## WORKING DATA
##########

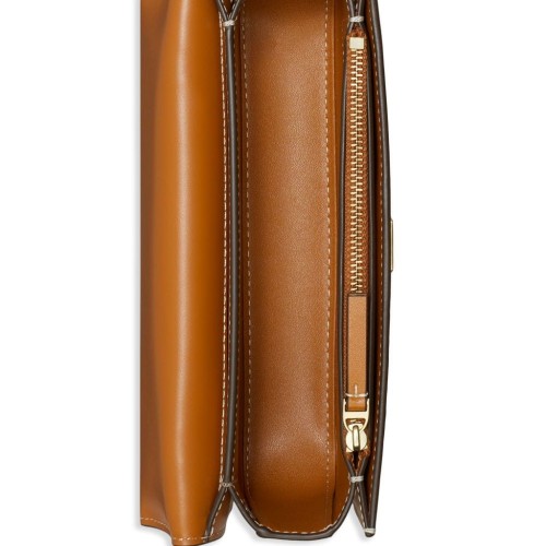 cognac brown calf leather adjustable detachable shoulder strap foldover top signature Double T motif main compartment internal zip-fastening pocket gold-tone hardware concealed magnetic fastening This item is crafted with leather that has been produced in a certified Leather Working Group (LWG) or ICEC tannery, ensuring the production process has a reduced environmental impact.
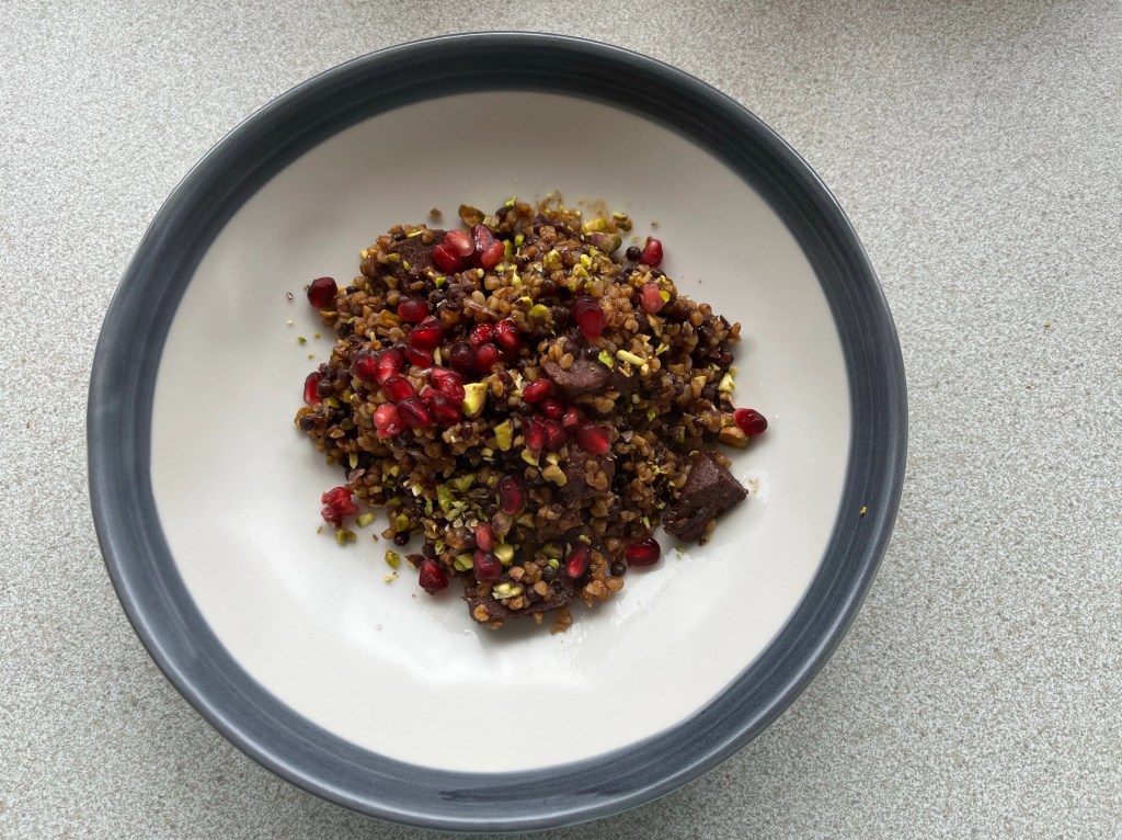 - Top with chopped pistachio nuts and pomegranate seeds.
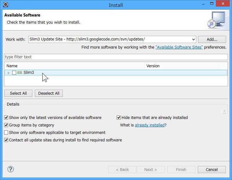 http://slim3.googlecode.com/svn/updates/3. 入力後、Engerキーを押すと、アクセスを行ない、インストール可能な項目がその下に一覧表示されます。ここでは「
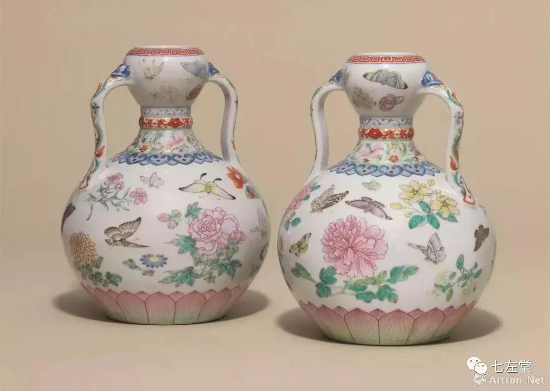 清乾隆 粉彩花蝶纹如意耳葫芦尊一对
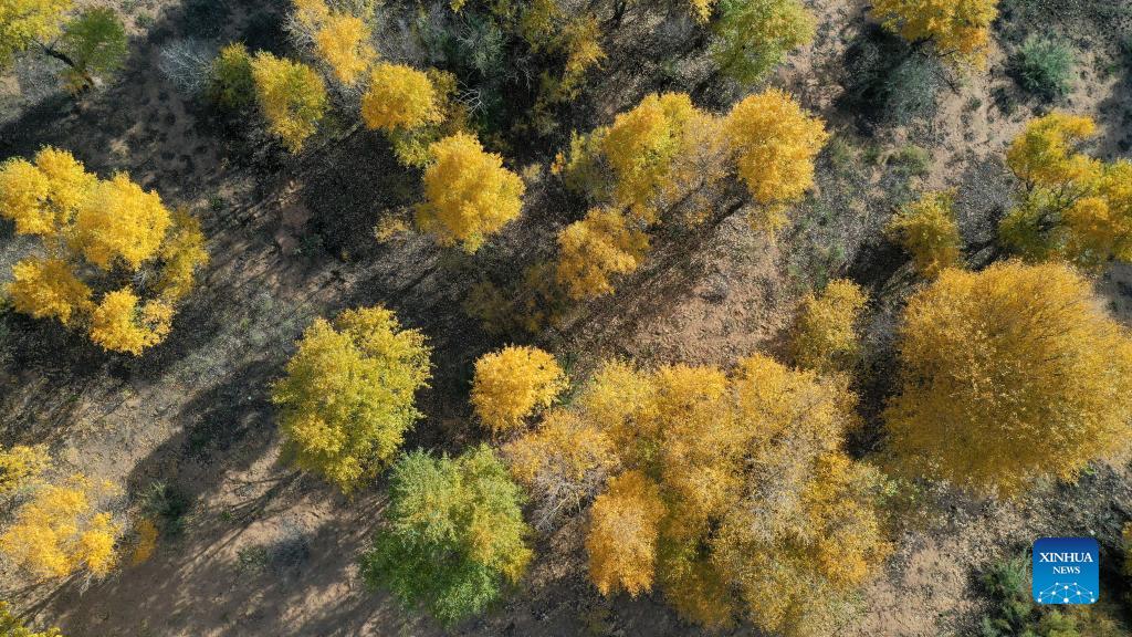 Aerial photo taken on Oct. 15, 2021 shows the autumn scenery at Haba Lake nature reserve of Yanchi County, northwest China's Ningxia Hui Autonomous Region. (Xinhua/Wang Peng)
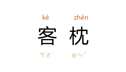 引唐 李商隐 《酬令狐郎中见寄》诗:“朝吟搘客枕,夜读漱僧瓶。”宋 陆游 《宿枫桥》诗:“七年不到 枫桥寺,客枕依然半夜鐘。”元 方回 《次韵仇仁近至日》:“紫逻招魂千里雪,彤庭待漏五更霜。闲人幸脱抅挛外,客枕何庸早起忙。”明 郭奎 《客枕》诗:“客枕睡不着,天高秋气清。”
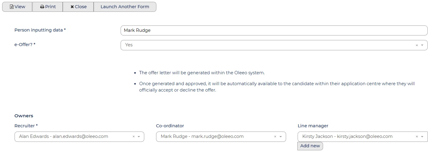 - Please note - You can have the option to not utilise the e-offer process for specific candidates, which can be useful if you have sensitive hires where you would not want some or all of the hire information appearing on the system. In this case you would choose e-offer - No.
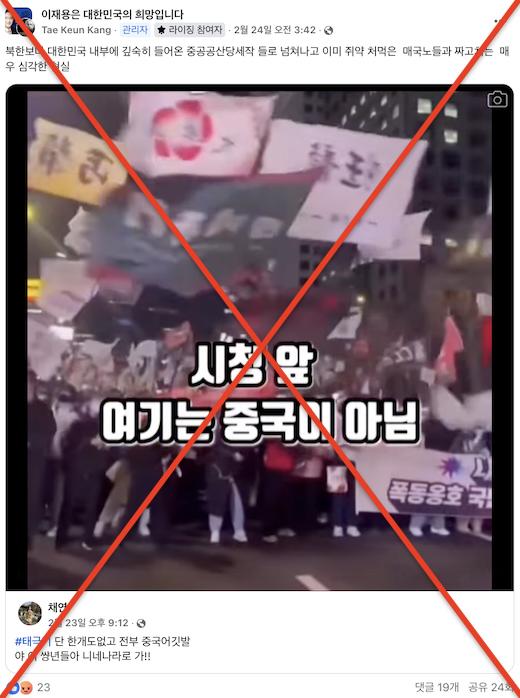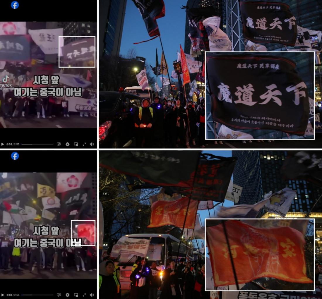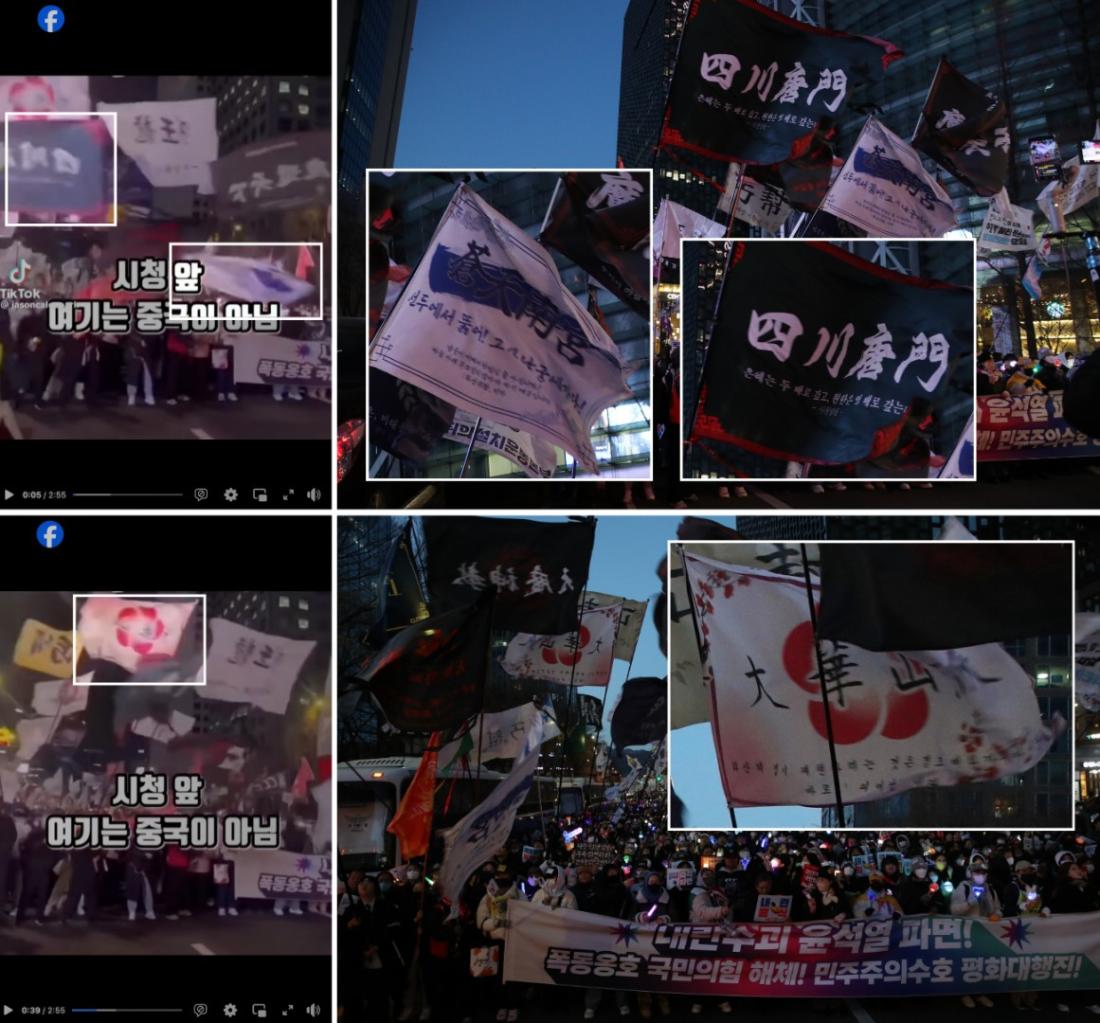 한 영상이 윤석열 대통령 탄핵을 촉구하는 중국인들의 모습이라는 주장과 함께 소셜미디어상에 반복적으로 공유됐다. 영상에는 한자가 적힌 깃발을 흔드는 집회 참가자들의 모습이 담겼다. 그러나 이 주장은 사실이 아니다. 해당 집회에서 촬영된 고화질 사진을 확인한 결과 깃발에 적힌 내용은 대부분 국내 무협소설을 인용한 것으로 드러났다. 12·3 비상계엄 사태 이후 개성과 취미를 드러낸 이색 깃발들이 집회 현장에 등장해 이목을 끌었는데, 문제 영상에 등장하는 깃발은 무협 웹소설 장르를 즐겨 읽는 이들이 자신이 좋아하는 소설 속 인물이나 구절을 깃발에 한자로 표현한 것으로 보인다.

##########

## WHAT TO PRODUCE
Beginning at the line with "- Please note", reproduce each line exactly through the last line of the records above, with pictures left out.

## WRITTEN SOLUTION
 - Please note - You can have the option to not utilise the e-offer process for specific candidates, which can be useful if you have sensitive hires where you would not want some or all of the hire information appearing on the system. In this case you would choose e-offer - No.
 한 영상이 윤석열 대통령 탄핵을 촉구하는 중국인들의 모습이라는 주장과 함께 소셜미디어상에 반복적으로 공유됐다. 영상에는 한자가 적힌 깃발을 흔드는 집회 참가자들의 모습이 담겼다. 그러나 이 주장은 사실이 아니다. 해당 집회에서 촬영된 고화질 사진을 확인한 결과 깃발에 적힌 내용은 대부분 국내 무협소설을 인용한 것으로 드러났다. 12·3 비상계엄 사태 이후 개성과 취미를 드러낸 이색 깃발들이 집회 현장에 등장해 이목을 끌었는데, 문제 영상에 등장하는 깃발은 무협 웹소설 장르를 즐겨 읽는 이들이 자신이 좋아하는 소설 속 인물이나 구절을 깃발에 한자로 표현한 것으로 보인다.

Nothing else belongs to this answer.